DATASET EXCERPTS —
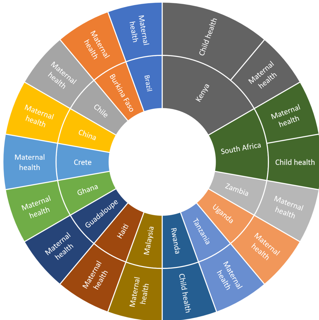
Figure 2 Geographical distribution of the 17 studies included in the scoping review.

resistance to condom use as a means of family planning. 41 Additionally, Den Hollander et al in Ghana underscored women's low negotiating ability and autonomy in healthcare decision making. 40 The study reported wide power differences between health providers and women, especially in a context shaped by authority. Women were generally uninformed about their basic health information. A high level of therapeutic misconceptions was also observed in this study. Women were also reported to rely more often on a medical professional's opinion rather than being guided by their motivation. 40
...
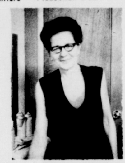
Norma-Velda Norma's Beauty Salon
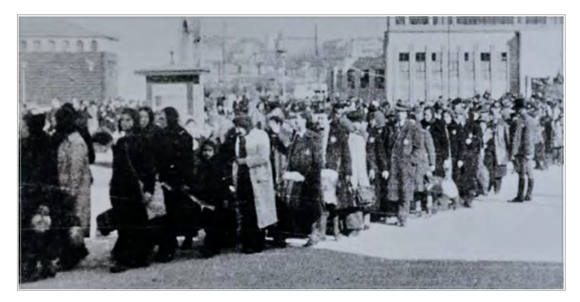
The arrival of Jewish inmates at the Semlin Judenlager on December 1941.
* * *
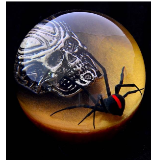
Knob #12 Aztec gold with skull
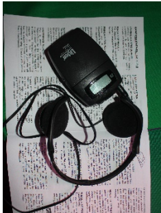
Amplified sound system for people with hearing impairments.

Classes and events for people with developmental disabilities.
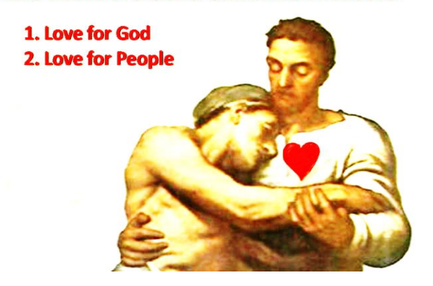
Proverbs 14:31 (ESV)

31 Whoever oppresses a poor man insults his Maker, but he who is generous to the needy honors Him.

ASSIGNMENT — Return, word for word, the lines of the data above from the line with "Proverbs 14:31 (ESV)" through the line with "31 Whoever oppresses", inclusive.

RESULT OF THIS EXERCISE —
Proverbs 14:31 (ESV)

31 Whoever oppresses a poor man insults his Maker, but he who is generous to the needy honors Him.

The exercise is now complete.